Certamente, ci sono delle cose nella vita che desiderate e ci sono delle cose che sperate fino all’ultimo che non accadano. Assegnate dei segni positivi e dei segni negativi alla vita, quando la storia è che esiste la vita. Dalla vostra prospettiva, si aprono delle porte e delle porte si chiudono. Una porta scorrevole sbatte. Il vento la fa muovere. Davvero, amati, lo sbattere delle porte vi irrita. Cionondimeno, lo sbattere delle porte o la morte del corpo o lo sbatacchiamento di una porta di quercia intagliata, è semplicemente quel che è. Per esempio, quello che c’è dall’altra parte della porta è sempre presente, è solo che la vostra vista è bloccata.

Voi concepite misure di porte, pesi di porte, e decidete, o il mondo ha deciso per voi, quali sono enormi e quali sono accettabili.

La morte del corpo non è accettabile per voi. Ciò nonostante, la morte – quella che chiamate morte – è frequente. È ordinaria, eppure, per il vostro cuore e i vostri occhi, è inattesa e intollerabile. Il fatto che essa sia comune, non elimina il suo peso dalle vostre spalle.

Siete convinti che la morte del corpo, tra le altre cose, sia una tragedia. Io dico diversamente.

Considerate, se vi è d’aiuto, che la morte di un corpo fisico è come bruciare un libro, amati. I concetti dentro il libro, il cuore e la mente che hanno scritto il libro, non sono distrutti. Essi restano.

La serietà, l’imperdonabilità, in cui tenete la morte, hanno a che fare con la vostra costruzione del tempo. Se non foste schiavi del tempo, vi esentereste dalla tristezza. Vi esentereste dai concetti di troppo presto o troppo in fretta. Senza il concetto del tempo, nulla vi sarebbe insostenibile.

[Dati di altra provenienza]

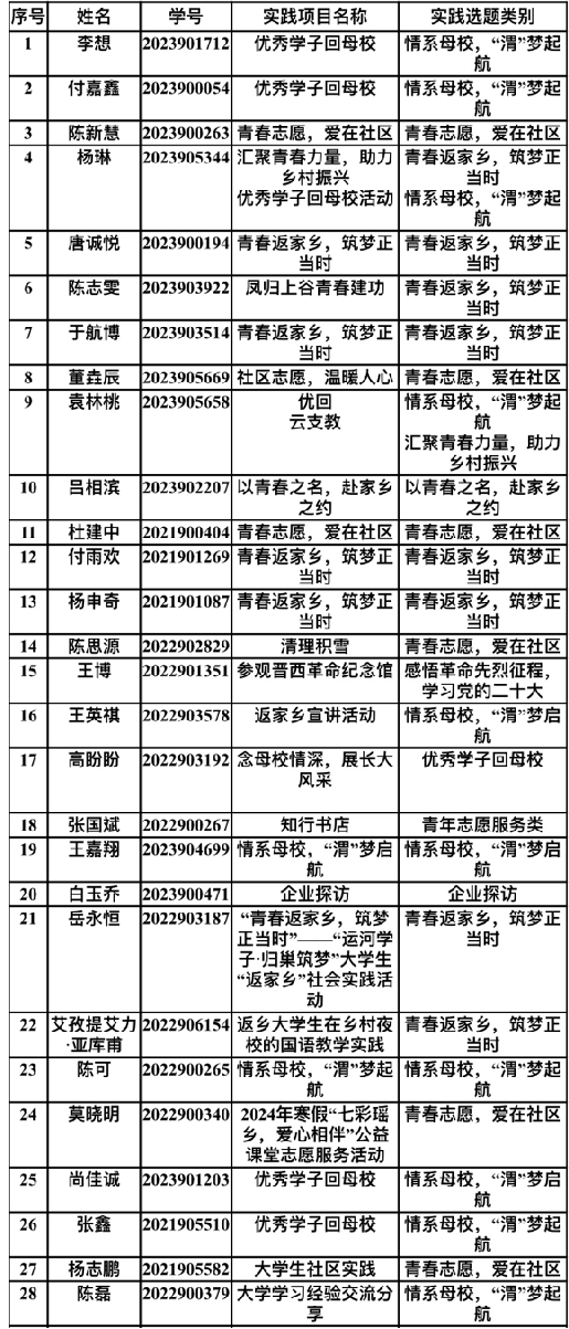 为深入学习宣传贯彻习近平新时代中国特色社会主义思想和党的二十大精神,贯彻落实习近平总书记关于青年工作的重要思想,引导和帮助广大青年学生上好与现实相结合的“大思政课”,推动和加强团员和青年主题教育走深走实,让学生在社会实践中坚定理想信念、站稳人民立场、练就过硬本领、投身强国伟业,成为有理想、敢担当、能吃苦、肯奋斗的新时代好青年,我校开展2024年大学生寒假社会实践活动。

Se considerate che la vita è giocare e sguazzare in un lago d’acqua che non si prosciuga mai, uno spruzzo grande e uno spruzzo piccolo sarebbero solo degli spruzzi e non considerati altro. Dove starebbe la tragedia? Dove sta la tragedia? Sta nella mente umana, consegnata al cuore, schiacciando e stringendo un cuore che dovrebbe aprirsi e aprirsi e aprirsi e racchiudere il tutto dell’amore. Non si chiude l’apertura di un fiore che sta per sbocciare, eppure chiudete il vostro cuore lussureggiante sotto circostanze che interpretate come strazianti. La vostra mente umana accetta il concetto di tragedia, eppure ancora non accetta il concetto che voi attribuite tragedia a qualcosa che non è altro che un aspetto della vita sulla Terra.

La vita si svolge, ecco tutto. Il peggio che può capitare è che la vita non si svolga come secondo voi dovrebbe. Potreste dire che la colpa è Mia e pertanto trasformarvi in una vittima. Una vittima di cosa? Una vittima delle vostre stesse interpretazioni. Voi assegnate la colpa ad una serie di eventi naturali nel mondo esistente. Trovate a ridire. Troppo spesso, veramente troppo spesso, date la colpa a Me. Dite, in effetti, che Io non sono giusto. La vita è giusta, amati. La morte del corpo arriva per tutti, ricchi o poveri, giovani o vecchi. Forse è ingiusto da parte vostra assegnare delle colpe. Punto.

Aprite il vostro cuore adesso e tenetelo spalancato. La tragedia esiste nella vostra mente. È una storia raccontata con le espressioni fiorite del grande dramma raccontato magnificamente, la storia abbellita. Sembra reale, eppure è lontanissima dalla realtà.